--- Exercise requirements ---
The output should match, line for line, the records from the line containing "Add a touch" through the line containing "Zdjęcie Pies, Entlebucher, Mordka, Ściółka, Mech", with every picture left out.
_____
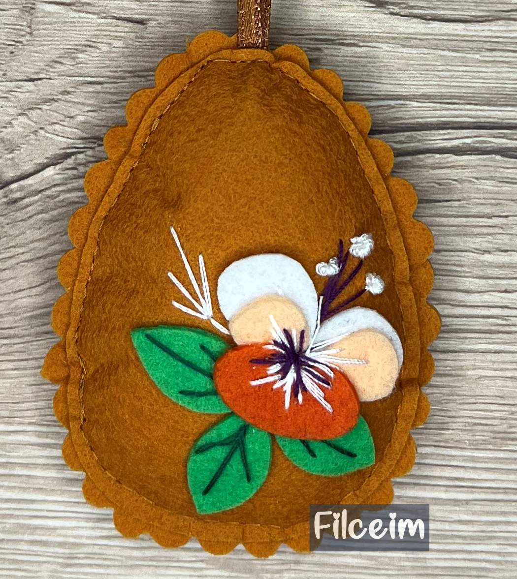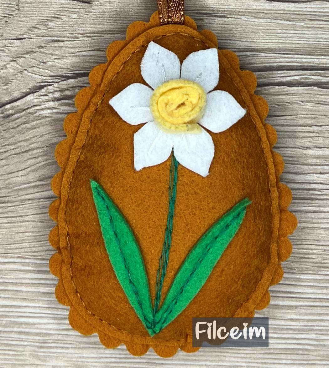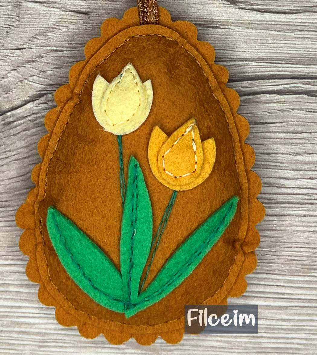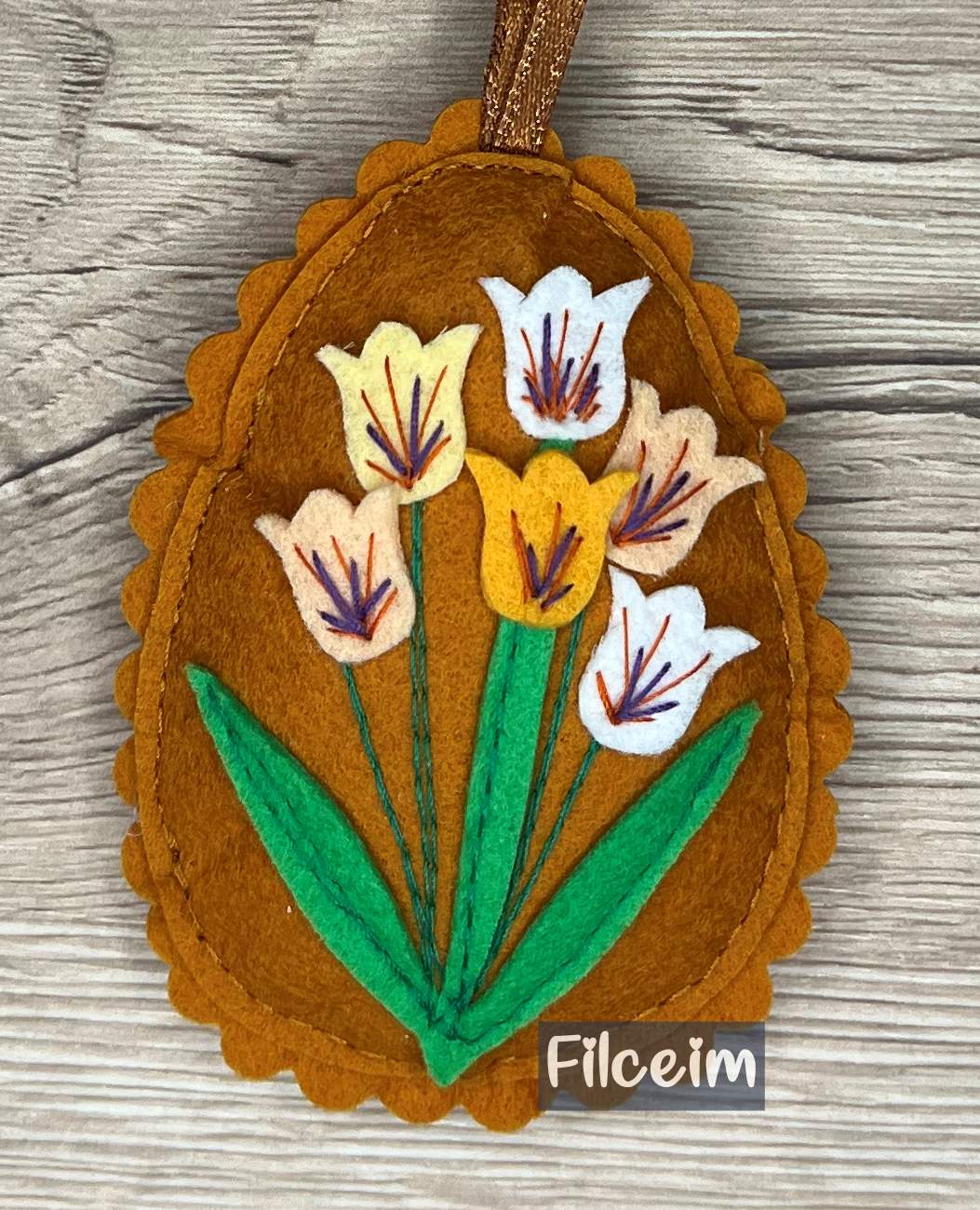 A tojáson lévő virág motívumok is filcből, egyedileg kézzel készültek gyöngyök, hímző fonalak és cérnák segítségével.
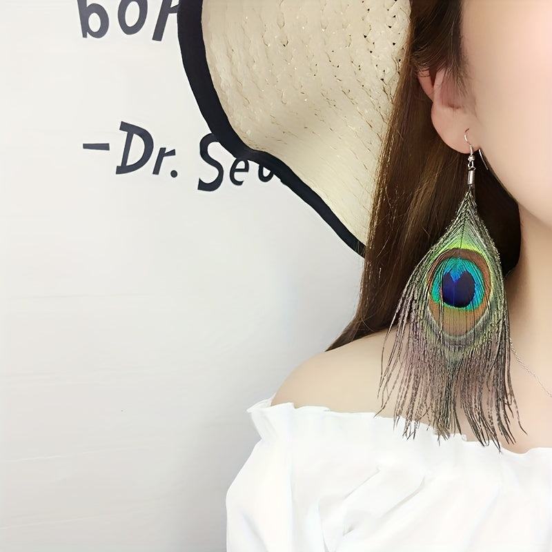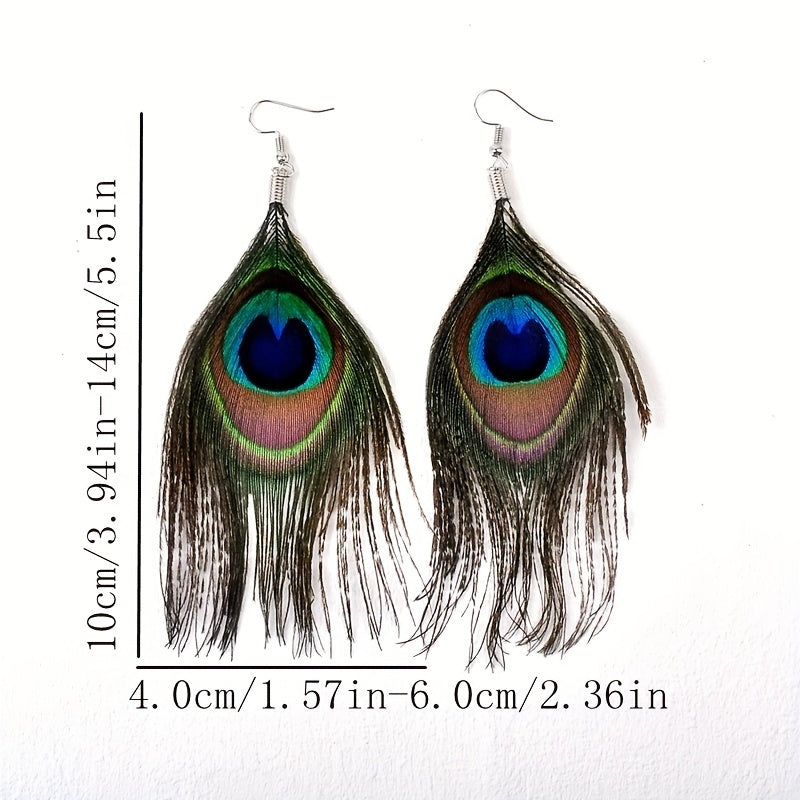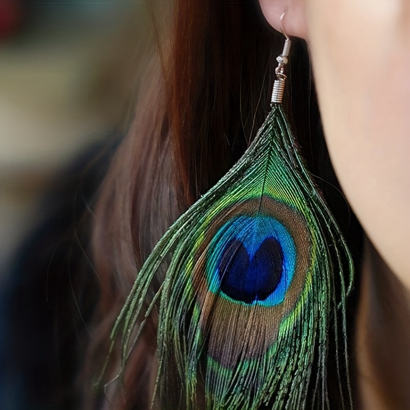 Add a touch of bohemian charm to your daily wear with these stunning peacock feather dangle earrings. The silver plated jewelry is perfect for adding a pop of color and style to any outfit.
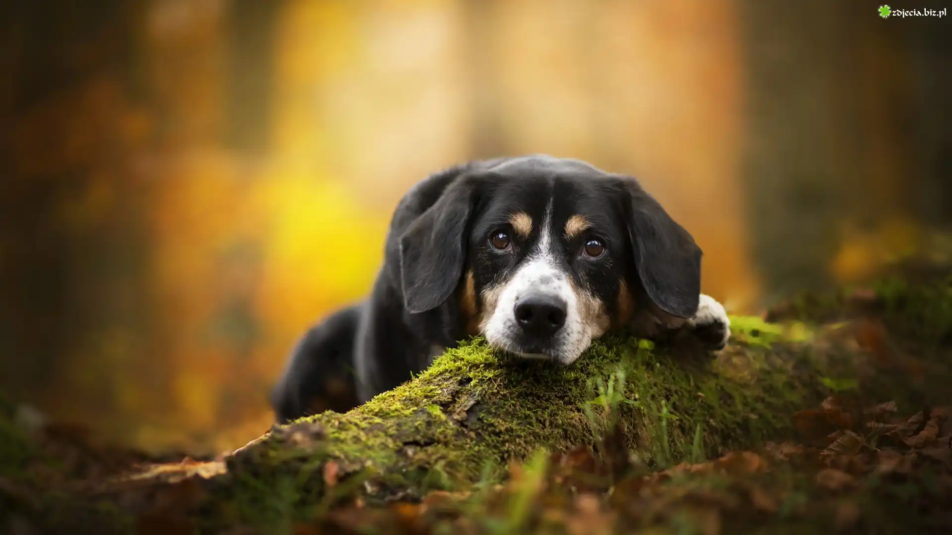Zdjęcie Pies, Entlebucher, Mordka, Ściółka, Mech
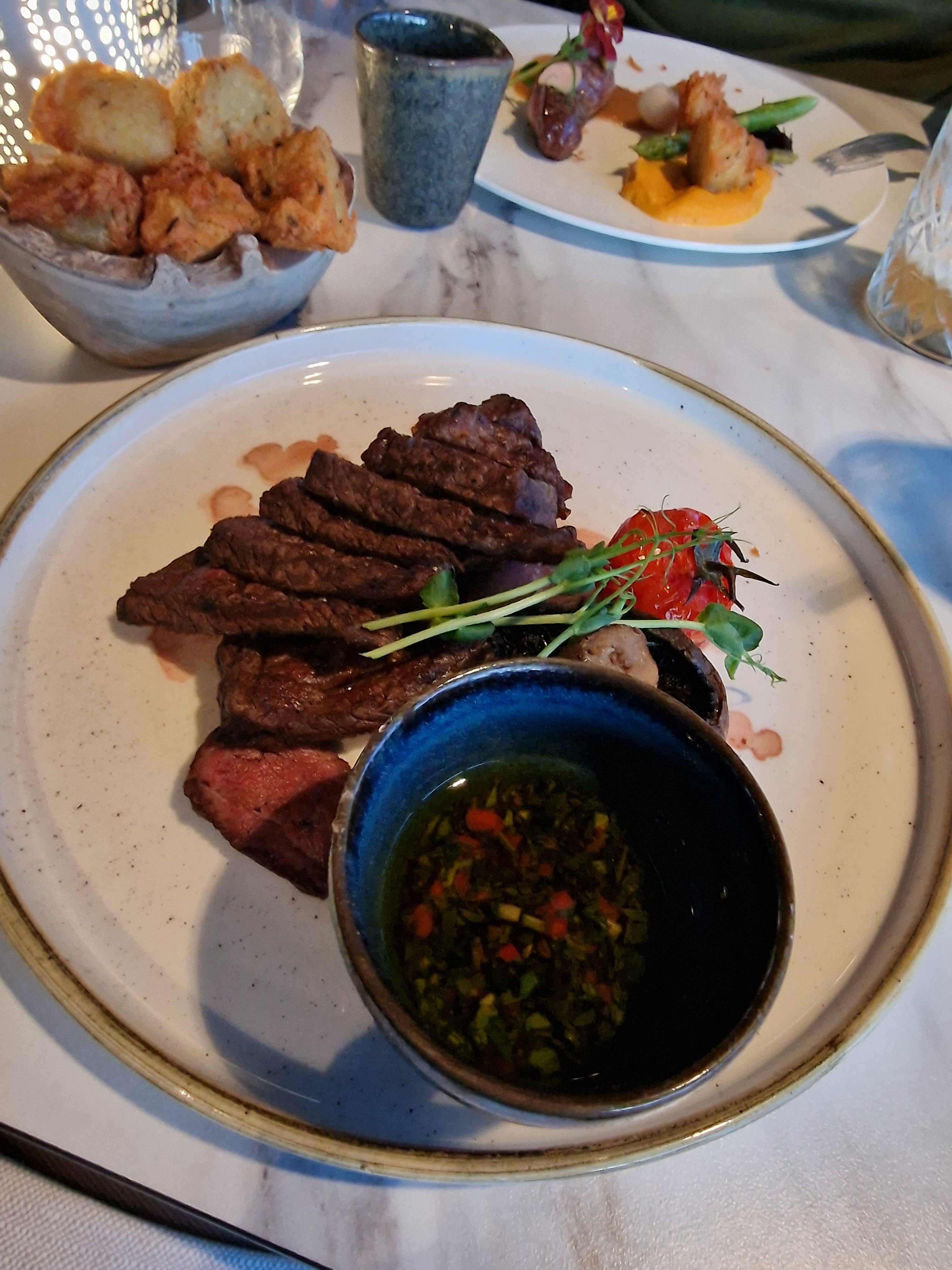 Restaurant magnifique, les plats étaient très bons mais quantités un peu limite sur la pièce de bœuf servie sans accompagnement (pas de frites alors qu’il y en a avec le burger) vu le prix. Le serveur était agréable mais quelques oublis.
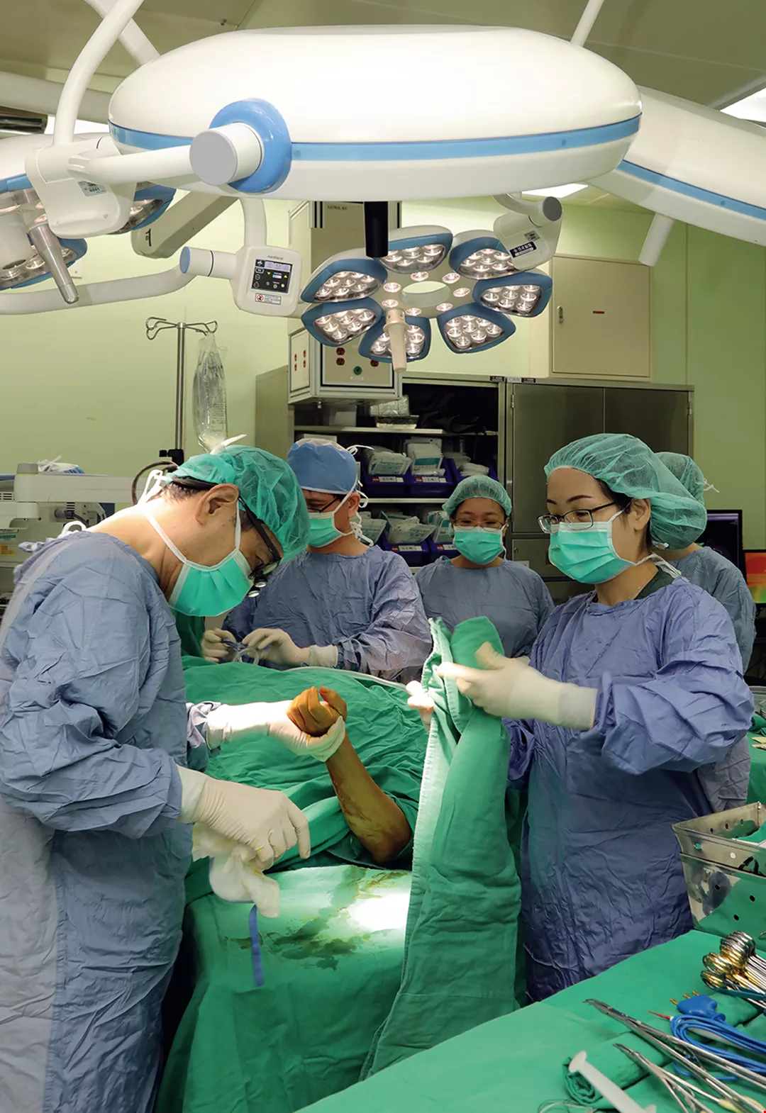 Therefore, through many years of effort Wei has led his medical team in gradually developing reconstructive techniques in a wide range of subfields that include vascular, neural, lymphatic, and tubular structure microsurgery. There is nowhere else in the world that offers such a comprehensive set of microsurgical techniques. Chang Gung’s Reconstructive Microsurgery Center can boast many other world-beating achievements too, such as having created the largest number of innovative surgical procedures, having the largest number of doctors who are internationally recognized authorities, having the largest intensive care unit for reconstructive microsurgery, having treated the largest number of microsurgery cases of any medical center, and having the most publications. These areas in which Chang Gung leads the world attract practitioners and researchers from around the globe to come to Taiwan to visit and to undertake advanced study.
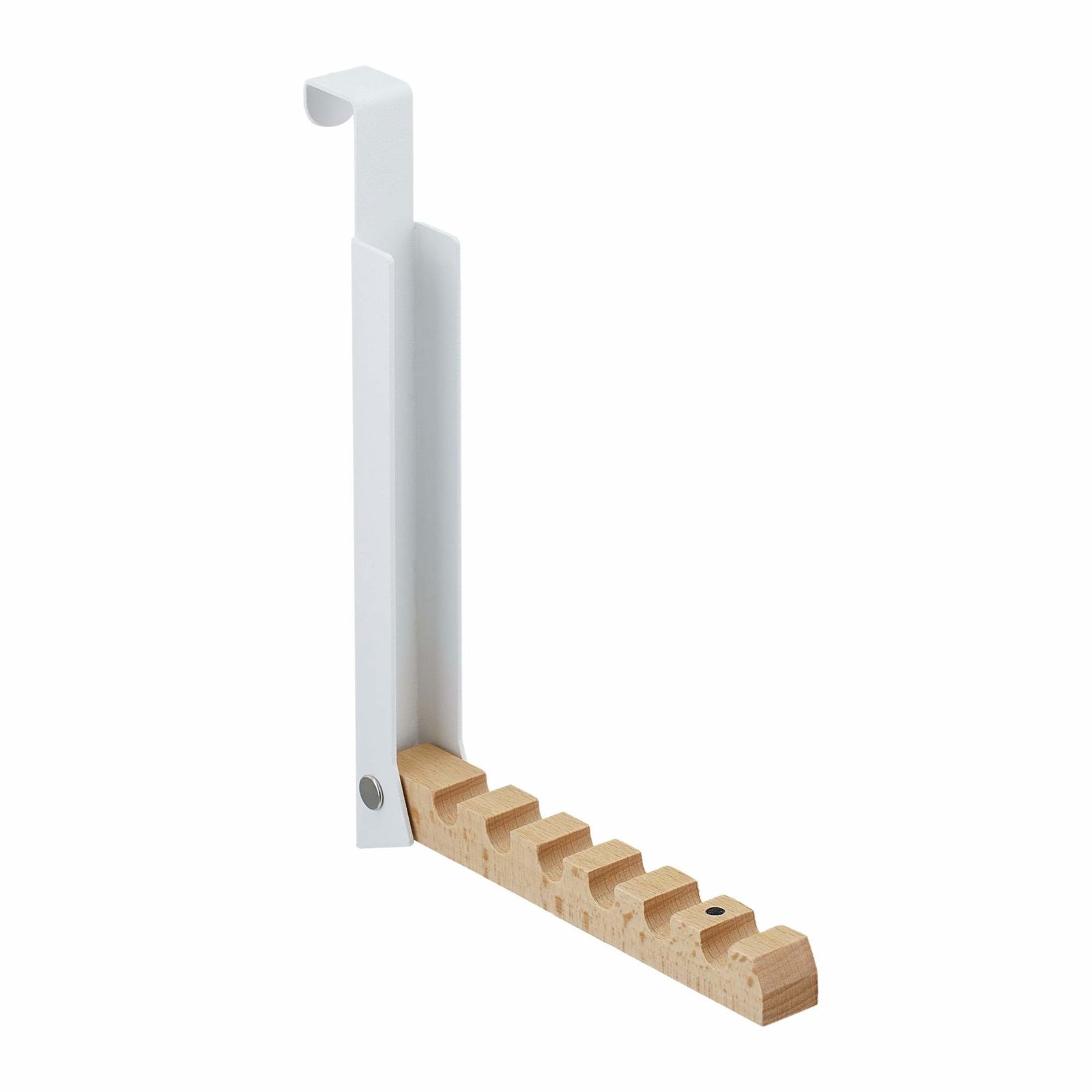 Relaxdays Vikbar, för upphängning, dörrkrok för 6 klädhängare, metall och trä, krokar för 2 cm dörrfals, vit
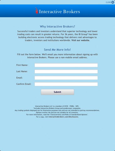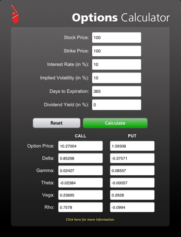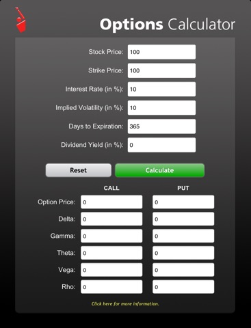 The idea behind doing an options calculator for iOS is awesome. IB typically has outstanding technology so it is surprising to see the details that were left out of this app. 1. The numeric entry keypad uses a phone layout and there isnt a decimal point so the only way to enter a number with a decimal is to edit the default data - poor execution. 2. There isnt a way to enter default values for some of the values e.g. every time a new calculation is initiated the interest rate has to be changed. 3. It doesnt support multi tasking and every time you go back to the app the T&Cs have to be checked off and all the default data in the sample screen is in the data entry, the previous calculation erased. I am a fan of IBs technology and have the option calc widget on my desktop. This app is free, has a marginal interface, and no multi tasking support. Hopefully later versions live up to IBs standards.
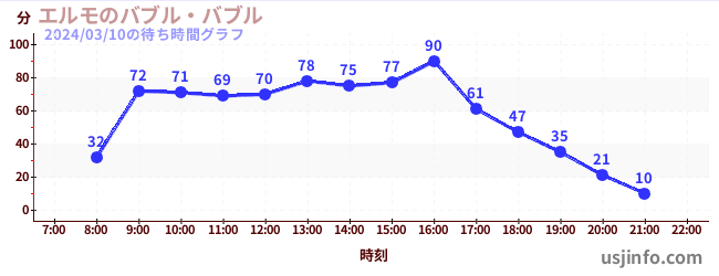 • エルモのバブル・バブル$B$N(B2024年03月10日の待ち時間
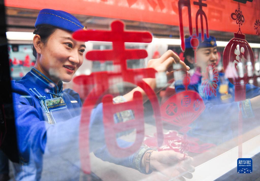 1月14日,G2457次復興號列車到達呼和浩特東站之后,乘務人員整理窗花,準備迎接下一批旅客。
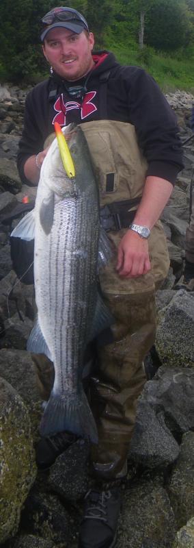 Nothing like the firm "yank" when a nice striper swallows a slow moving swimmer! Only 20 pounds but it was my thrill for today! Can't beat the "Prey"!
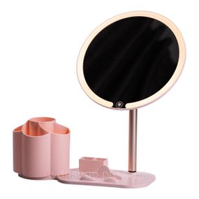 Описание Зеркало для макияжа с подсветкой круглое настольное Ø21 см с подставкой Розовое HP-10-9AP
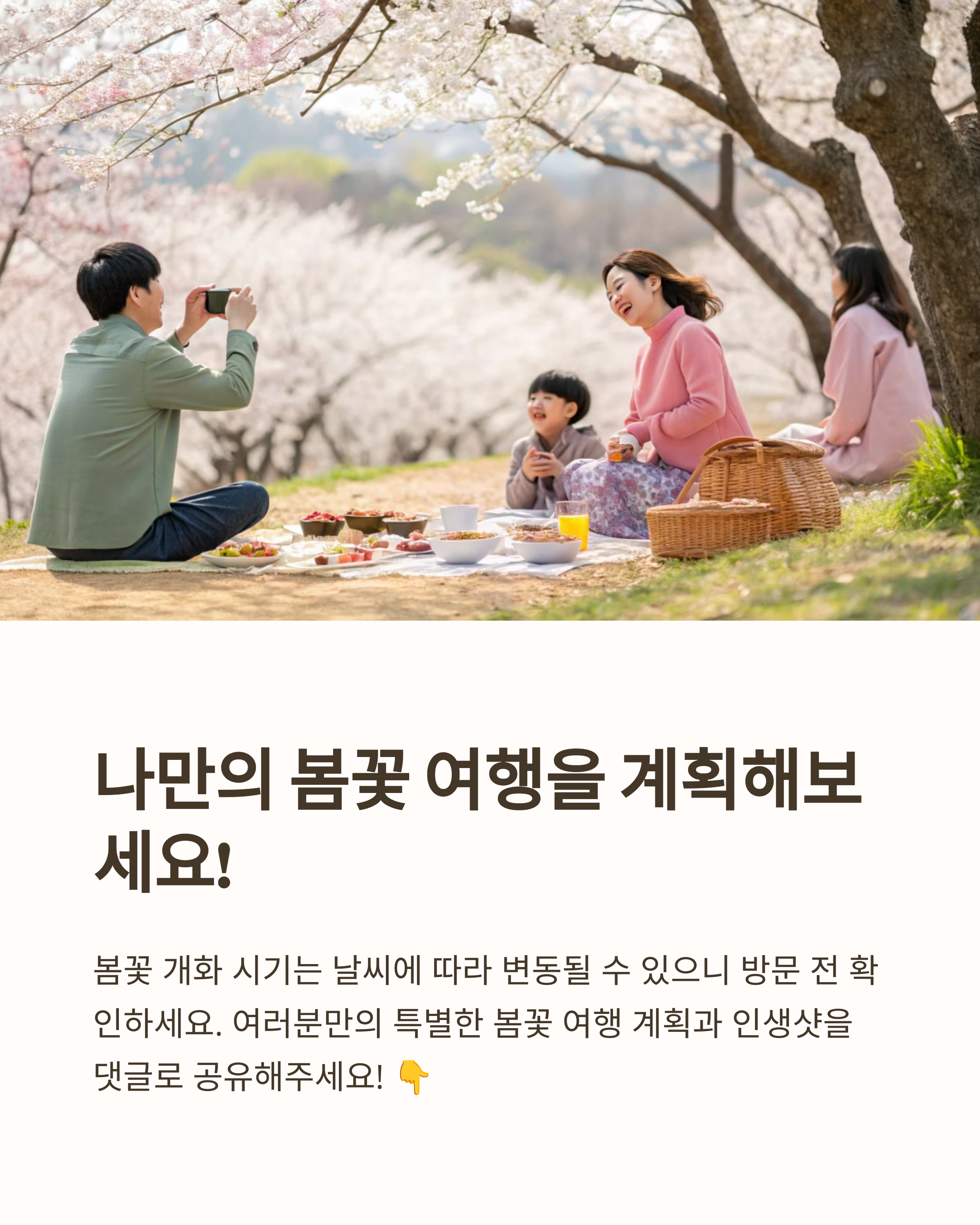여러분이 다녀온 봄꽃 명소는 어디인가요? 댓글로 여러분의 추천 장소도 공유해주세요. 다음엔 그곳도 리스트에 넣어볼게요 😊
_____
--- Reply to the exercise ---
 Add a touch of bohemian charm to your daily wear with these stunning peacock feather dangle earrings. The silver plated jewelry is perfect for adding a pop of color and style to any outfit.
Zdjęcie Pies, Entlebucher, Mordka, Ściółka, Mech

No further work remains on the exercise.